TCU coach Jamie Dixon stated the play “was on the other side (of court). I didn’t see it. It was pretty unimportant I guess, just one of those things we see happen in games (and) practices where it’s jump ball.
“I don’t think anybody did anything dirty or anything,” Dixon added. “They (Dickinson and the Frogs players) just wouldn’t stop, I guess. I don’t even know what the T’s were for. I don’t think that’s anything. They had to do something because they (players) didn’t do what they were told to do by the officials (let go of ball).”
The effort shown by Dickinson seemed to spark the Jayhawks.
First, White flushed a dunk to give the Horned Frogs a 48-47 lead at the 12:44 mark. AJ Storr put KU back in the lead, 49-48, by hitting a jumper with 11:30 left. David “Diggy” Coit then hit a 3 and Storr tipped in a miss by Shakeel Moore to make it 54-48 KU with 10:01 to go.

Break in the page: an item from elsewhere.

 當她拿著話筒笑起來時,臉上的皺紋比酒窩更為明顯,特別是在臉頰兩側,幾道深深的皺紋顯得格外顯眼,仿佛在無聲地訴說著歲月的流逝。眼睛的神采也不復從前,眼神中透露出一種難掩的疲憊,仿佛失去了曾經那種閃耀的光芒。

After TCU cut the gap to 54-50, KU went on a 7-0 run to go up 61-50 with 7:13 left. Moore hit a 3 and flushed a dunk and Storr tipped in a Dajuan Harris miss to account for the Jayhawks’ seven points in that stretch.
For KU, former Mississippi State guard Moore scored all 11 of his points the second half. Storr had 11 of his 12 points and all three of his steals during the final half.

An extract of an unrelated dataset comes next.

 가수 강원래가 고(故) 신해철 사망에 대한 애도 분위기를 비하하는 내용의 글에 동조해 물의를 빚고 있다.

“Shak has been in a groove lately,” Dickinson said. “I think it was great especially for AJ. Obviously he was recruited here for a reason. Tonight was one of those nights shows why he was so highly recruited. He gave us everything offensively and defensively. He really sparked us the second half.”
Storr, by the way, went over to support Dickinson as he was wrestling with the Frogs.
“Shak was huge with 3s. He hit really timely ones,” Dickinson said of Moore’s three 3-pointers in the final half. “The game was back and forth. We really needed his 3s to maintain our lead second half. He was huge not only defensively but especially offensively.”
“AJ and Shak … it was their night tonight. They were terrific,” Self said after watching the combo score 21 of the Jayhawks’ 41 points in the second half, one in which KU outscored the Horned Frogs 41-26.
The Jayhawks, who improved to 5-2 in the league and 14-4 overall, next will meet Houston at 5:30 p.m. Saturday at Allen Fieldhouse. Houston is 7-0 in Big 12 play, 15-3 overall.
The Cougars defeated Utah 70-36 on Wednesday at the Fertitta Center in Houston.